В юности за мощными сюжетами гоняешься, лелеешь и хранишь их, как драгоценные семена. Но с возрастом этих семян, причем часто лежалых, накапливается – мешки, не знаешь, куда девать. К тому же, некоторые сюжеты, связанные с каким-то конкретным историческим эпизодом, блекнут, не успеешь моргнуть глазом. Так когда-то мне нравился такой фантасмагорический сюжет. В самый жаркий момент путча 93 года, когда по Белому Дому начинают садить ракеты, артиллерия, вот-вот начнется штурм и резня, на крыше среди защитников материализуется что-то вроде роты спецназа, которая составлена из великих мыслителей и философов всех времен и народов. Именно философов. Настоящих философов. А истинные философы, как известно, не только мыслят, пишут, говорят, но главное – живут, как философы. То есть все – крайние экстремисты. Каждый из них предлагает действовать, и действует, в соответствии со своими убеждениями и принципами. Сократ, Ницше, Платон, Хайдеггер, Фрейд, Юнг и так далее. Каждый из них обладает идеальным телом и силой. Всего пятьдесят бойцов. Среди испепеляющего пламени, черного дыма, сажи, крови…
Как сказал один человек о Сократе, обращаясь к коллегам-философам: «Две тысячи лет вы читаете книгу, которую он не написал, и написали тонны макулатуры, которая никому не нужна!»
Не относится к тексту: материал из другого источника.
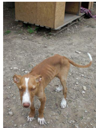
Abgemagert und teilnahmslos

Und als vorläufig letzter und jüngster Neuzugang brachte man mir im Mai 2008 den Podenco-Welpen „Marron“, der damals ca. 12 Wochen alt war.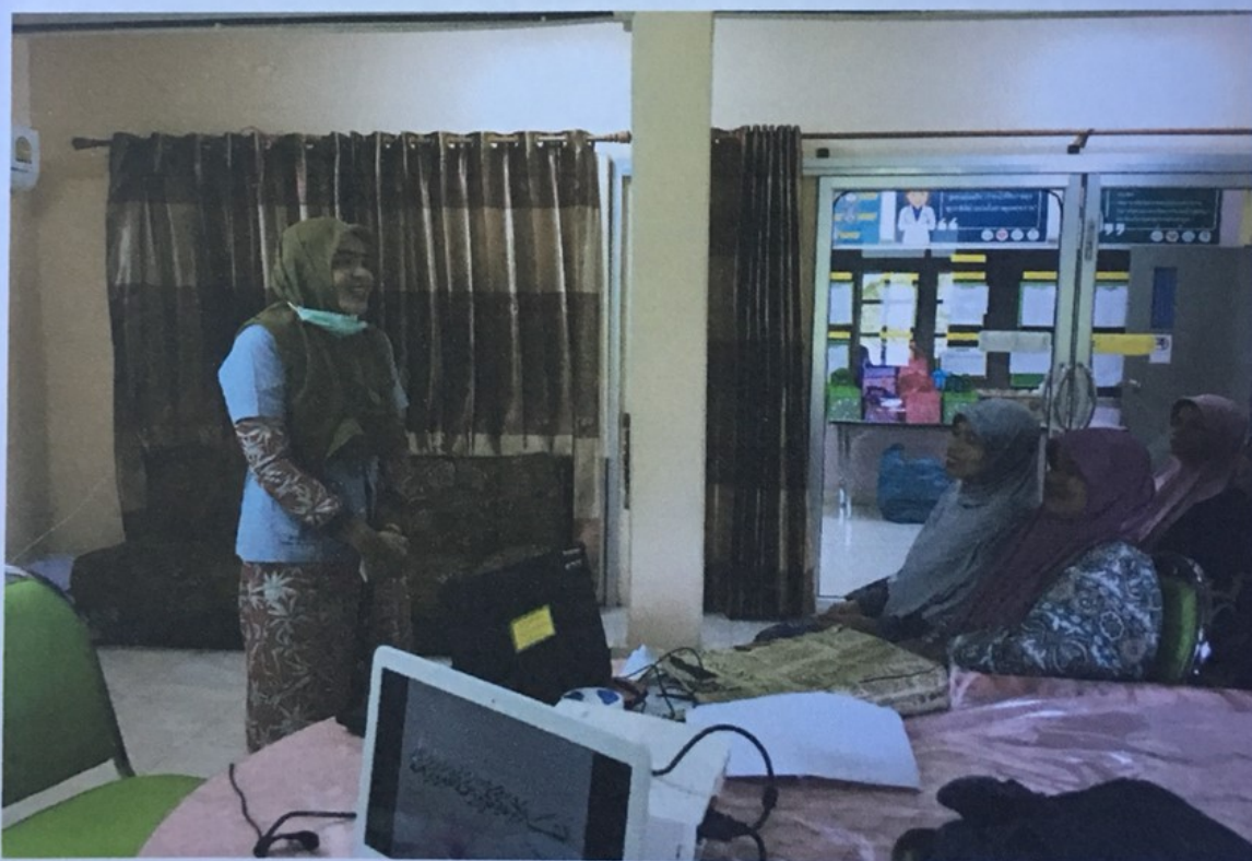
เจ้าหน้าที่ตรวจมะเร็งปากมดลูกมาร่วมพูดคุยร่วมแลกเปลี่ยน

Если бы моим приятелям-писателям удалось воплотить все свои замыслы, литератур хватило бы на несколько китаев.
Время разбрасывать камелии.
Однако это проблема: успеть написать мемуары до того, как впадешь в маразм. Поэтому по большей части мемуары – прискорбное чтение.
Братья-пейсатели.
«Только собрался почитать талмуд, а меня уже спрашивают, как пройти в синагогу».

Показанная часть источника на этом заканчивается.